PROBLEM:
Write out the data that follows exactly, keeping every picture out.

SOURCE DATA:
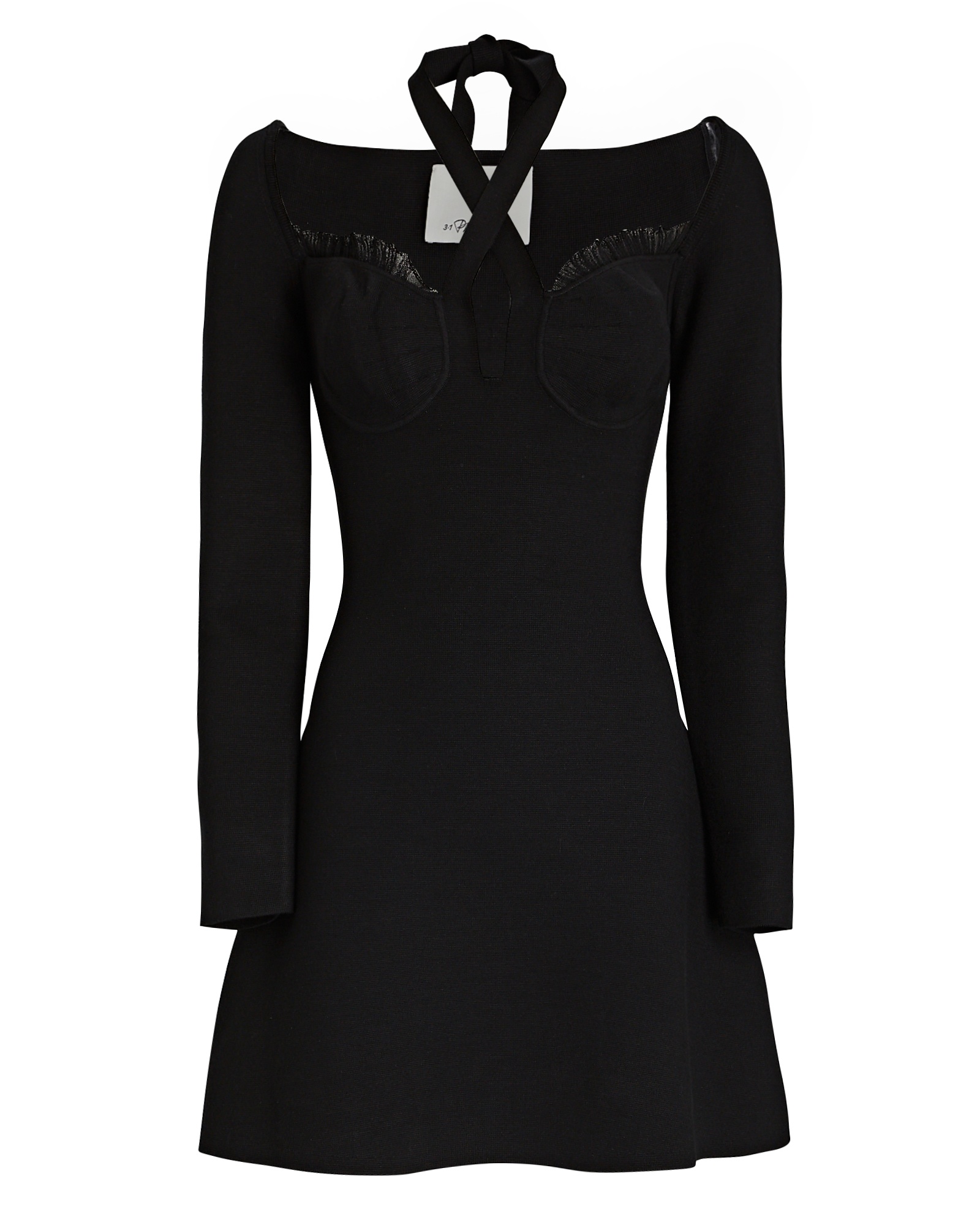 Product Details An edgy update to the classic 'LBD', the label's dress is cut from a compact Milano stitch with pointelle details and dramatic halterneck. Wear yours with drop earrings and a mini clutch. - Fabric: 72% viscose, 28% nylon - Halter neck tie - Dry clean - Imported - Length from shoulder to hem: 34" - Model is wearing size S - Model height 5'10", bust 32", waist 24", hips 36"
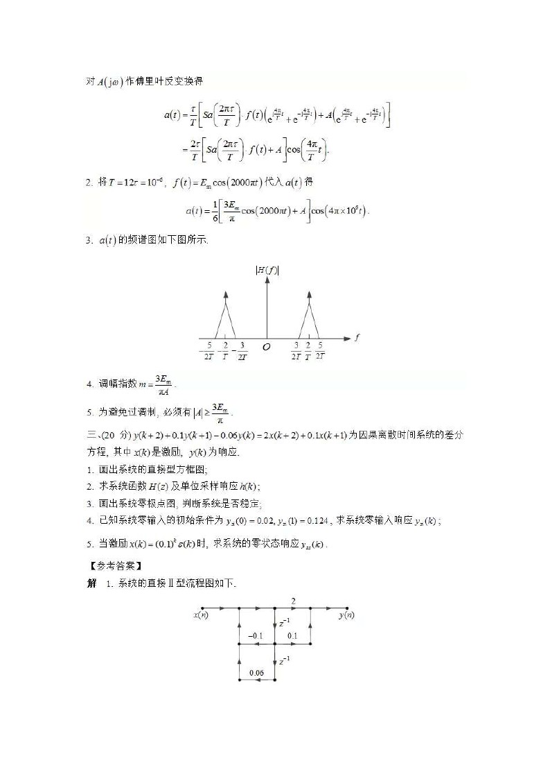 2014南京航空航天大学考研信号系统初试试题答案全解全析(6)
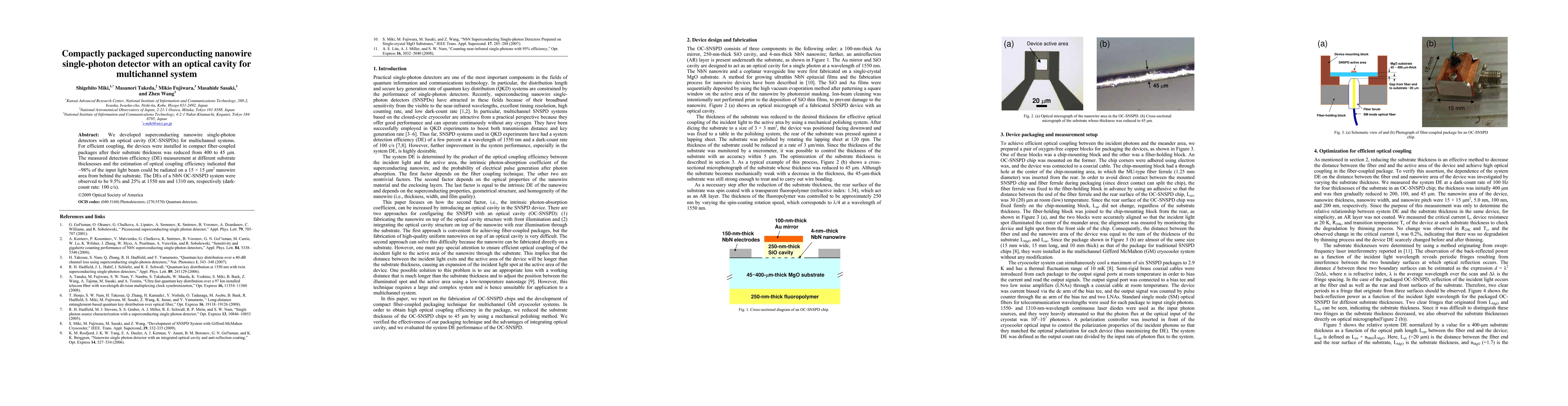 This paper presents compactly packaged superconducting nanowire single-photon detectors integrated with optical cavities for multichannel systems, achieving high detection efficiency of 9.5% and 25% at 1550 nm and 1310 nm, respectively, with minimal substrate thickness reduction.

RESULT BELOW:
 Product Details An edgy update to the classic 'LBD', the label's dress is cut from a compact Milano stitch with pointelle details and dramatic halterneck. Wear yours with drop earrings and a mini clutch. - Fabric: 72% viscose, 28% nylon - Halter neck tie - Dry clean - Imported - Length from shoulder to hem: 34" - Model is wearing size S - Model height 5'10", bust 32", waist 24", hips 36"
 2014南京航空航天大学考研信号系统初试试题答案全解全析(6)
 This paper presents compactly packaged superconducting nanowire single-photon detectors integrated with optical cavities for multichannel systems, achieving high detection efficiency of 9.5% and 25% at 1550 nm and 1310 nm, respectively, with minimal substrate thickness reduction.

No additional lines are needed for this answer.